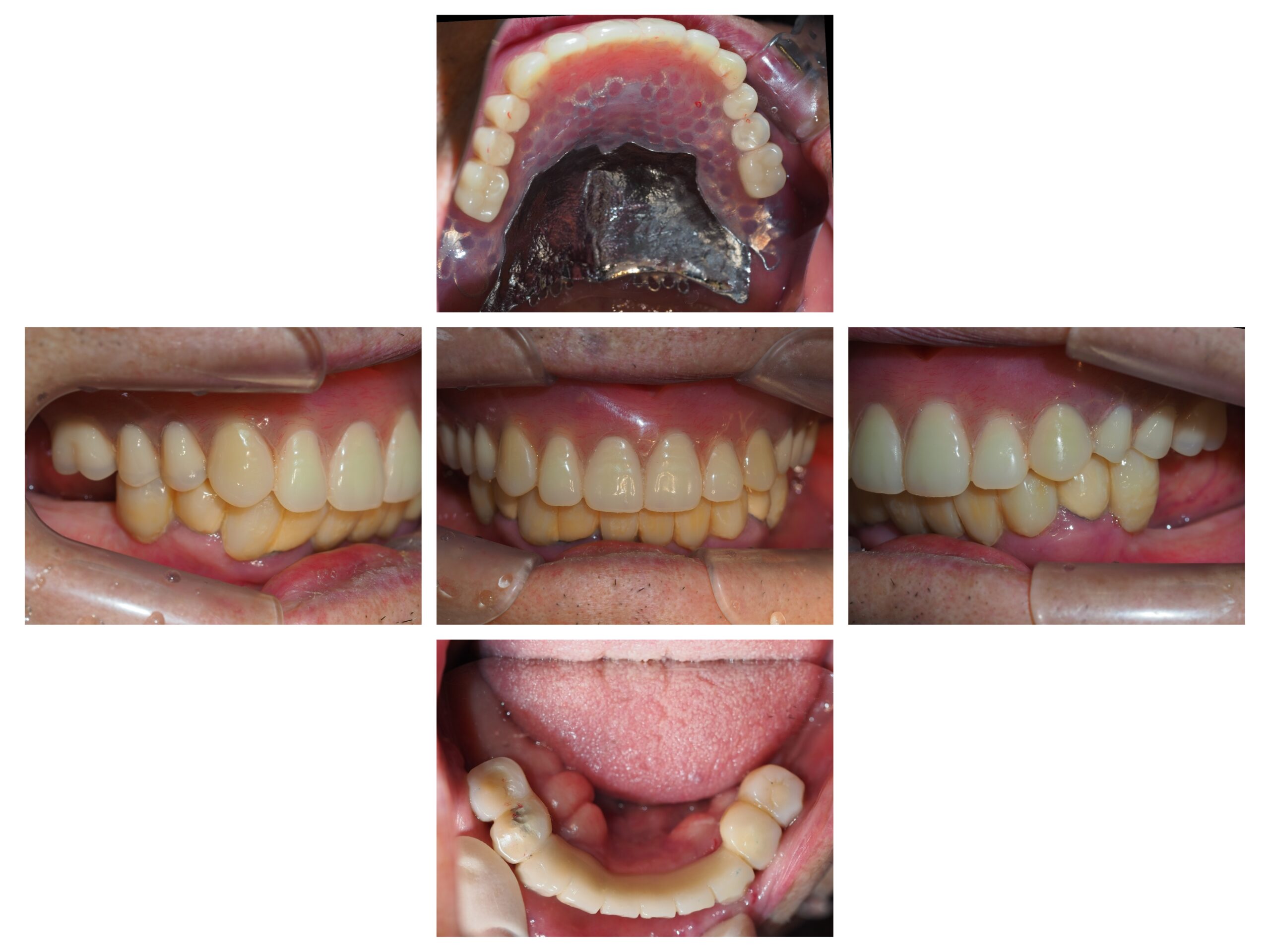 下顎のブリッジが1番後ろが5番までなので、画像の通り上顎の金属床は6番止まりで吸着、適合全く問題なく装着出来ました。
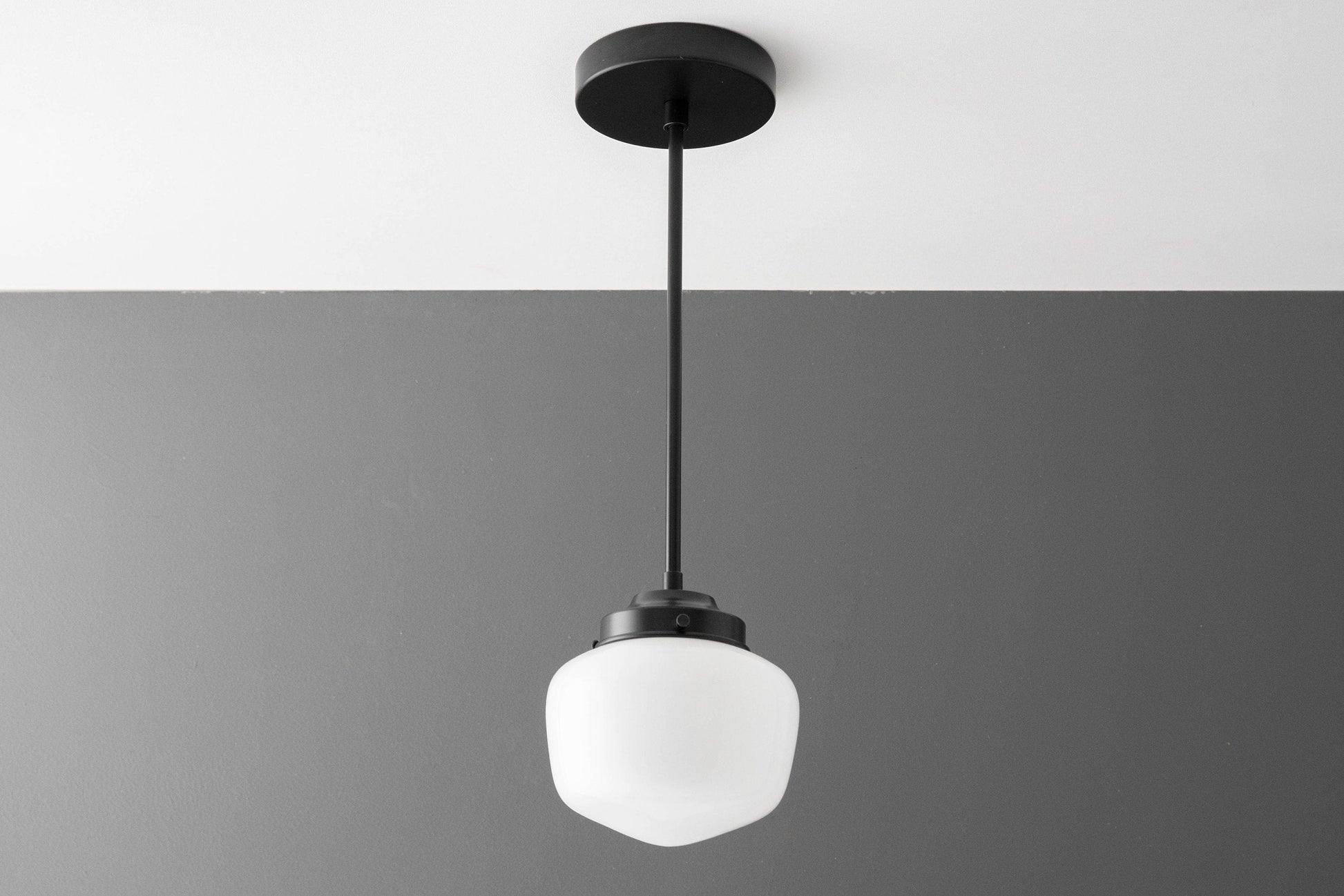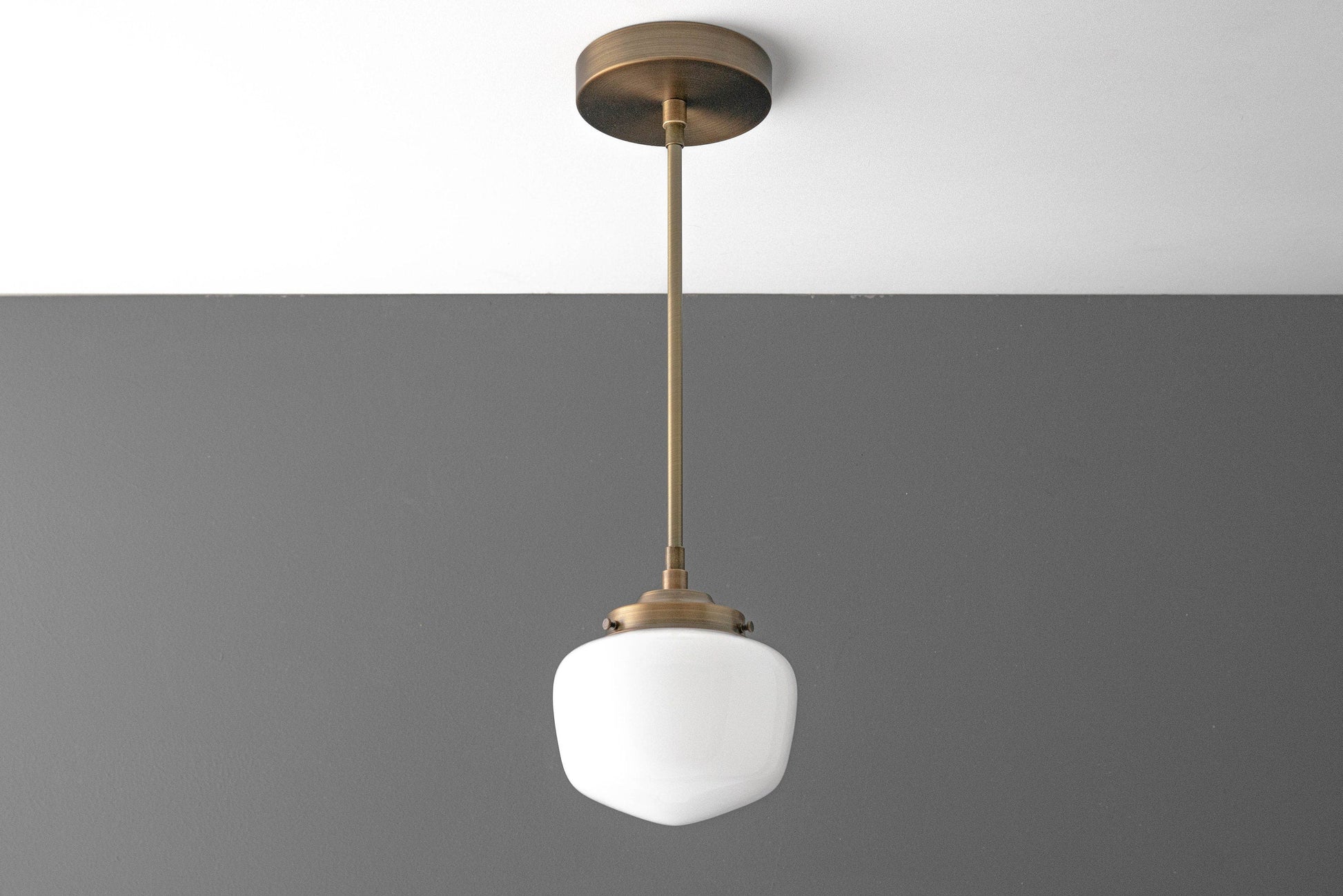 Schoolhouse Pendant - Small Schoolhouse Shade - Brass Pendant - Opal Schoolhouse Pendant - pendant Lighting - Model No. 0245
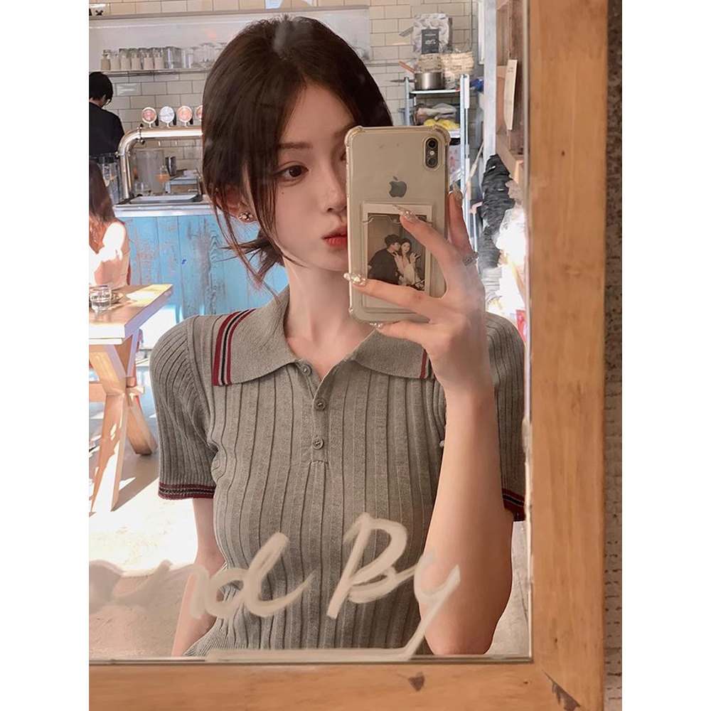College Grey Lapel Short Sleeve Ice Silk Knit Women's 2025 New Summer Slim Fit Small Man Crop Top
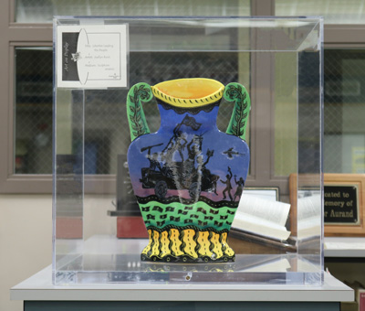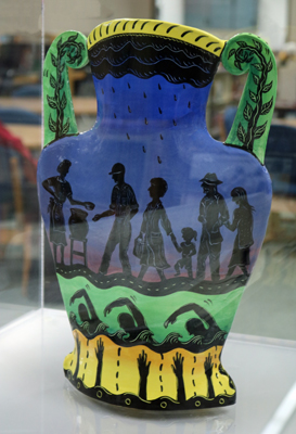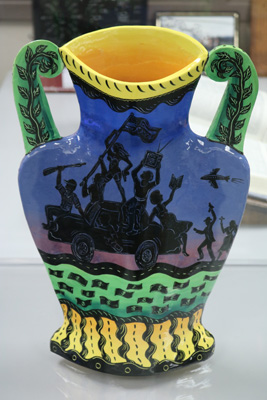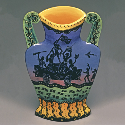 Liberties Leading The People is a painted ceramic vase created by artist Joellyn Rock. The imagery and title reference a painting by the French artist Eugene Delacroix (1798-1863) about the French Revolution (1789-1799). Joellyn Rock notes that in the painting, “a female figure symbolizes ‘liberty’ which the French people rise up to follow.” Her vase plays with this theme and applies it to modern-day issues. She states, “On the front of the classical vessel form, liberties of speech, press, arms, religion, sexual expression and reproductive choice parade past. On the reverse side of the vessel, Freedom takes the form of a free lunch line, as one also has the liberty to fail in this sink or swim economy.”

> _TASK REQUIREMENTS_:
The material above must be set down word for word, with no picture carried over.

> _ANSWER TO THIS TASK_:
 下顎のブリッジが1番後ろが5番までなので、画像の通り上顎の金属床は6番止まりで吸着、適合全く問題なく装着出来ました。
 Schoolhouse Pendant - Small Schoolhouse Shade - Brass Pendant - Opal Schoolhouse Pendant - pendant Lighting - Model No. 0245
College Grey Lapel Short Sleeve Ice Silk Knit Women's 2025 New Summer Slim Fit Small Man Crop Top
 Liberties Leading The People is a painted ceramic vase created by artist Joellyn Rock. The imagery and title reference a painting by the French artist Eugene Delacroix (1798-1863) about the French Revolution (1789-1799). Joellyn Rock notes that in the painting, “a female figure symbolizes ‘liberty’ which the French people rise up to follow.” Her vase plays with this theme and applies it to modern-day issues. She states, “On the front of the classical vessel form, liberties of speech, press, arms, religion, sexual expression and reproductive choice parade past. On the reverse side of the vessel, Freedom takes the form of a free lunch line, as one also has the liberty to fail in this sink or swim economy.”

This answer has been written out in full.